* **MATERIAL TO PROCESS**

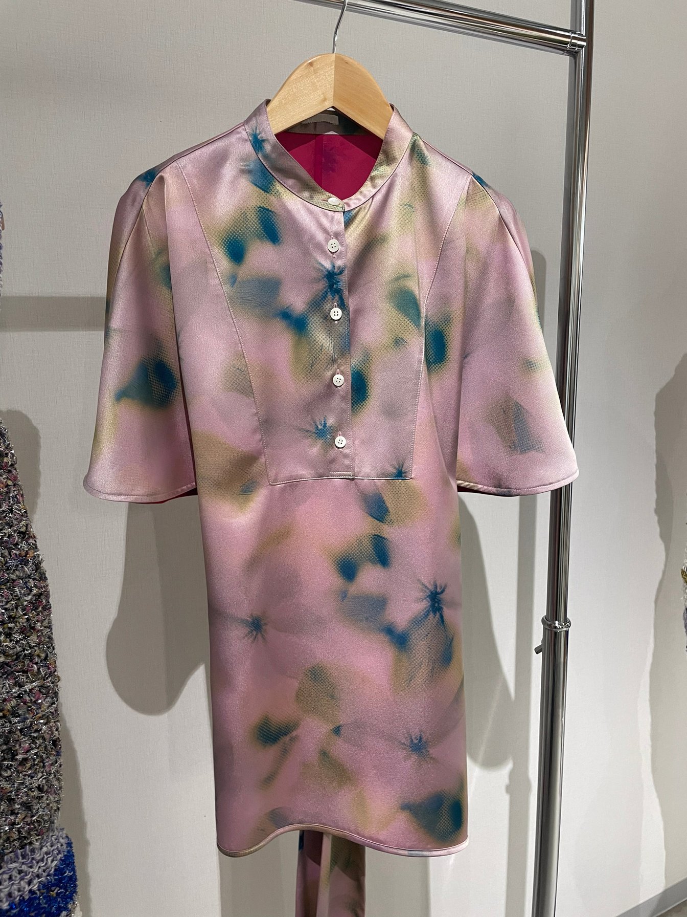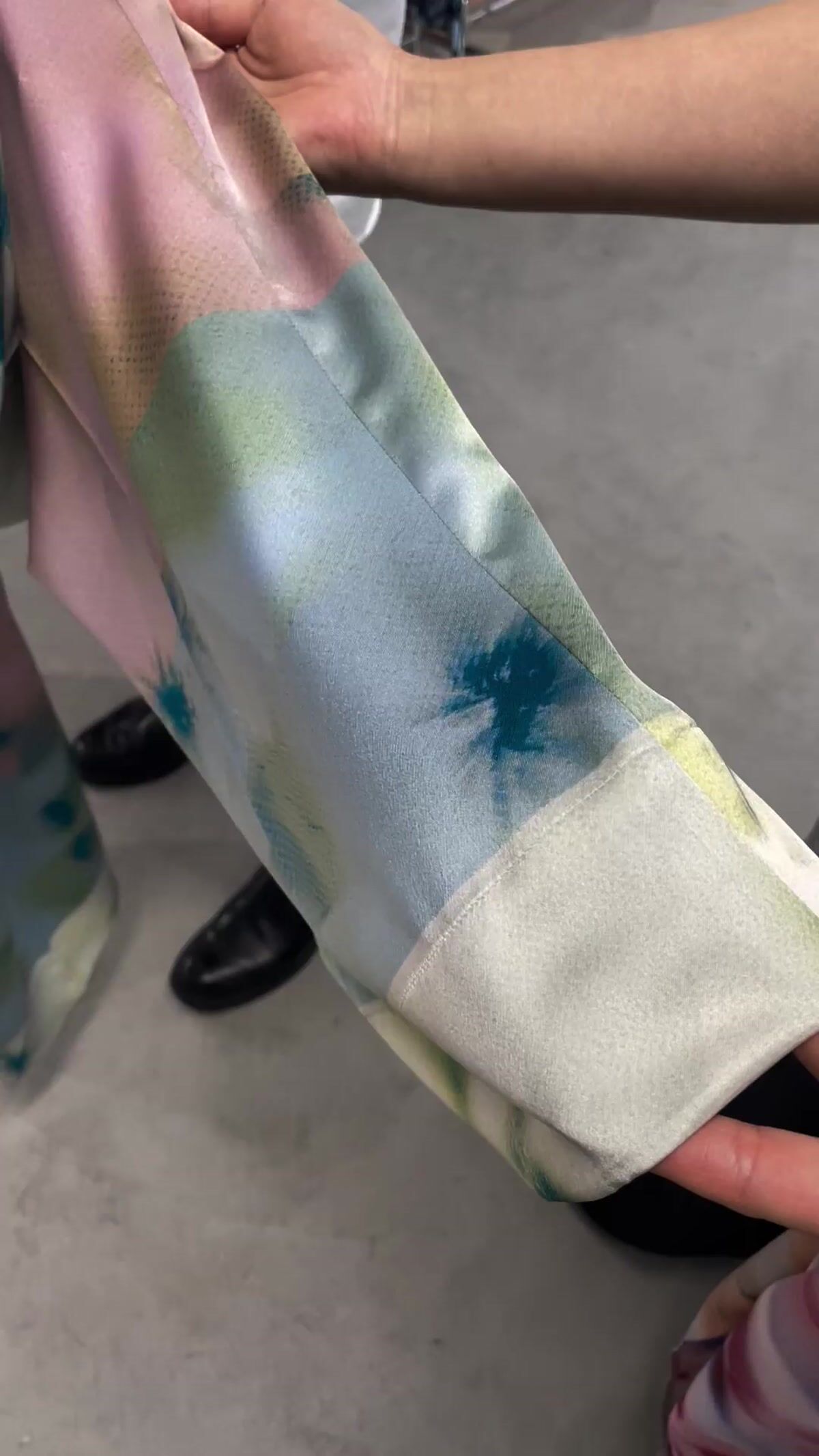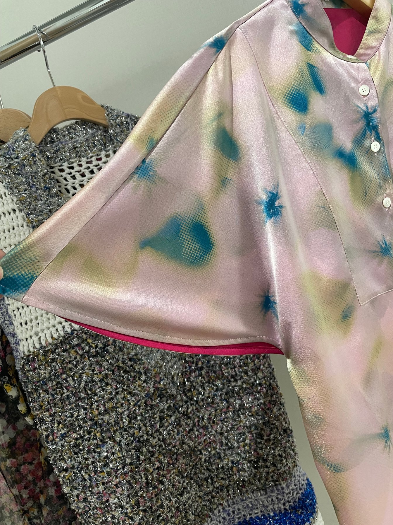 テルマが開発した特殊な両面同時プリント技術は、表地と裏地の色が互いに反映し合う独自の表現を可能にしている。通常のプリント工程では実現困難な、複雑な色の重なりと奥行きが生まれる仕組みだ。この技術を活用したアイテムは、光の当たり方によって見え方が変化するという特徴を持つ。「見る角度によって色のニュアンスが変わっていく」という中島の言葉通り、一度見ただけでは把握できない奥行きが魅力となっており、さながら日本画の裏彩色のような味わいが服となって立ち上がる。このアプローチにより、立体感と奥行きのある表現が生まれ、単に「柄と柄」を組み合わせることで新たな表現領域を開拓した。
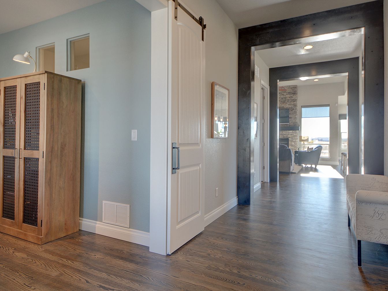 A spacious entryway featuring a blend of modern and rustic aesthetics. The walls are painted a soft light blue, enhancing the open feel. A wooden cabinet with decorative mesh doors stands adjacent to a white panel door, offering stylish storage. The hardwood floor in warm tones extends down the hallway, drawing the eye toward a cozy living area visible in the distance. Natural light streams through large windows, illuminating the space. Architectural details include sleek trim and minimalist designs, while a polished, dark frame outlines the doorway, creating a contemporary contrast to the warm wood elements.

--

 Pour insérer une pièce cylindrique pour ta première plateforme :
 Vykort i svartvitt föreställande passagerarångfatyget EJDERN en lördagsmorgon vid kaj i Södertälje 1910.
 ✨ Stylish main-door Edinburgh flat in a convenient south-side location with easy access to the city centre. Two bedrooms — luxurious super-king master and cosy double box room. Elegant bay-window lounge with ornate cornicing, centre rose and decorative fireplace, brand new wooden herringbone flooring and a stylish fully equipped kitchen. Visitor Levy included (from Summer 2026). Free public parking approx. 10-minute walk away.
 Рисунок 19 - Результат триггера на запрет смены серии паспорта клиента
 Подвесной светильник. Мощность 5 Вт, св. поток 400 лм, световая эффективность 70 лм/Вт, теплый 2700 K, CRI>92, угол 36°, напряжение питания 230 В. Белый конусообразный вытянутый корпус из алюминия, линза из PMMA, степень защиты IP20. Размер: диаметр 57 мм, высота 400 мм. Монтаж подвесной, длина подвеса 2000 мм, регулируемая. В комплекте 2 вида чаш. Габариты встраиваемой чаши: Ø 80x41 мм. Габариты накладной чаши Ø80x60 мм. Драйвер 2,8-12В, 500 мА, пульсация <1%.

* **TASK TO CARRY OUT**
Go to the line in the material above that contains "Vykort i svartvitt" and copy exactly from there through the line that contains "Рисунок 19 - Результат", stopping after it.

* **THE ANSWER**
 Vykort i svartvitt föreställande passagerarångfatyget EJDERN en lördagsmorgon vid kaj i Södertälje 1910.
 ✨ Stylish main-door Edinburgh flat in a convenient south-side location with easy access to the city centre. Two bedrooms — luxurious super-king master and cosy double box room. Elegant bay-window lounge with ornate cornicing, centre rose and decorative fireplace, brand new wooden herringbone flooring and a stylish fully equipped kitchen. Visitor Levy included (from Summer 2026). Free public parking approx. 10-minute walk away.
 Рисунок 19 - Результат триггера на запрет смены серии паспорта клиента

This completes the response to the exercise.